2003-06-19 Thread Paul Bijnens
Steven M. Wilson wrote:
That could very well be the problem I'm having since I just tried a df 
on the client system and it ground to a halt trying to located NFS 
mounts.  We rely heavily on NFS here so I'll need to figure out how to 
get around this problem in the future.  Thanks for the info.

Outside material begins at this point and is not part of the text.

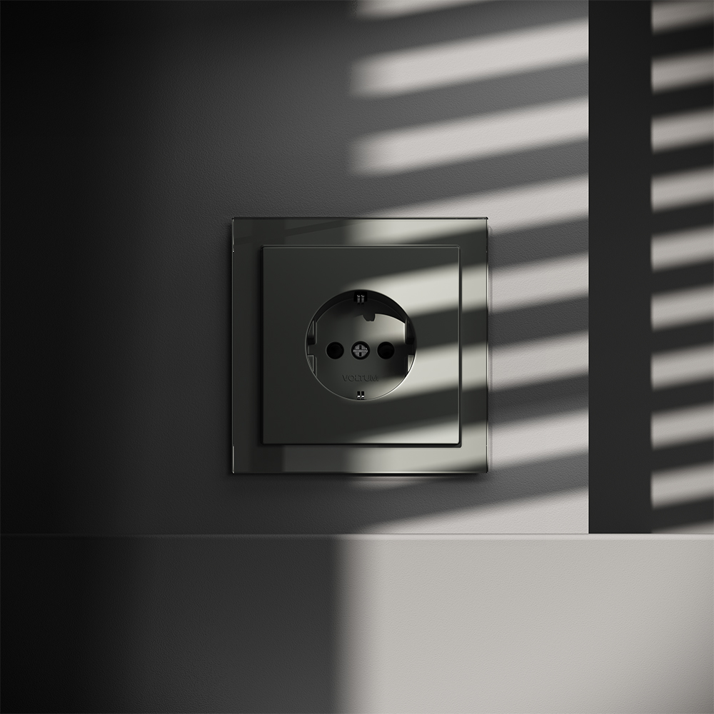 Розетка встраиваемая Voltum S70 с заземлением и шторками Титан VLS040206

Mount your non-critical nfs filesystems with mount options soft,intr
instead of hard,nointr (or eventually hard,intr) to avoid the blocking.
Yes, the man page says intr just causes a lot of trouble, but hard
mounts result in non-killable processes (unless you specify intr in
which case you can kill the process, but it will not timeout by itself).
And be very careful what you categorize critical: a disk with software 
packages even including amanda, is not critical in this sense; an nfs
mounted root partition is critical.
(Yes, the man page says intr just cause a lot of trouble, but hard
mounts result in non-killable processes.  Be careful to put your 
critical nfs shares on stable hard/software that does not need frequent
reboots.)

my 0.02 

--
Paul Bijnens, XplanationTel  +32 16 397.511
Technologielaan 21 bus 2, B-3001 Leuven, BELGIUMFax  +32 16 397.512
http://www.xplanation.com/  email:  [EMAIL PROTECTED]
***
* I think I've got the hang of it now:  exit, ^D, ^C, ^\, ^Z, ^Q, F6, *
* quit,  ZZ, :q, :q!,  M-Z, ^X^C,  logoff, logout, close, bye,  /bye, *
* stop, end, F3, ~., ^]c, +++ ATH, disconnect, halt,  abort,  hangup, *
* PF4, F20, ^X^X, :D::D, KJOB, F14-f-e, F8-e,  kill -1 $$,  shutdown, *
* kill -9 1,  Alt-F4,  Ctrl-Alt-Del,  AltGr-NumLock,  Stop-A,  ...*
* ...  Are you sure?  ...   YES   ...   Phew ...   I'm out  *
***



RE: FW: selfcheck hangs

2003-06-18 Thread Jeremy L. Mordkoff

no, the list was no help. The problem was that the client had nfs-mounted a disk that 
was no longer on the net, so anything that iterated over mounts (like df) was hanging. 
That is probably why reboot solve it. I don't allow key machines to be nfs clients 
anymore.

JLM



-Original Message-
From:   Steven M. Wilson [mailto:[EMAIL PROTECTED]
Sent:   Wed 6/18/2003 2:32 PM
To: Jeremy L. Mordkoff
Cc: 
Subject:Re: FW: selfcheck hangs
Jeremy,

Did anyone respond off-list to your posting?  I have the same problem 
here from time to time and the only way I've been able to correct is by 
rebooting the offending client system.

Steve

Jeremy L. Mordkoff wrote:

one system has started refusing to run backups. amcheck reports a timeout. A ps on 
the client shows several orphaned selfcheck's. I did try killing all amandad's and 
hitting xinetd with a sigHUP, and then I tried an amcheck again, to no avail. I then 
reinstalled amanda and repeated. Still no. Here's the debug log. 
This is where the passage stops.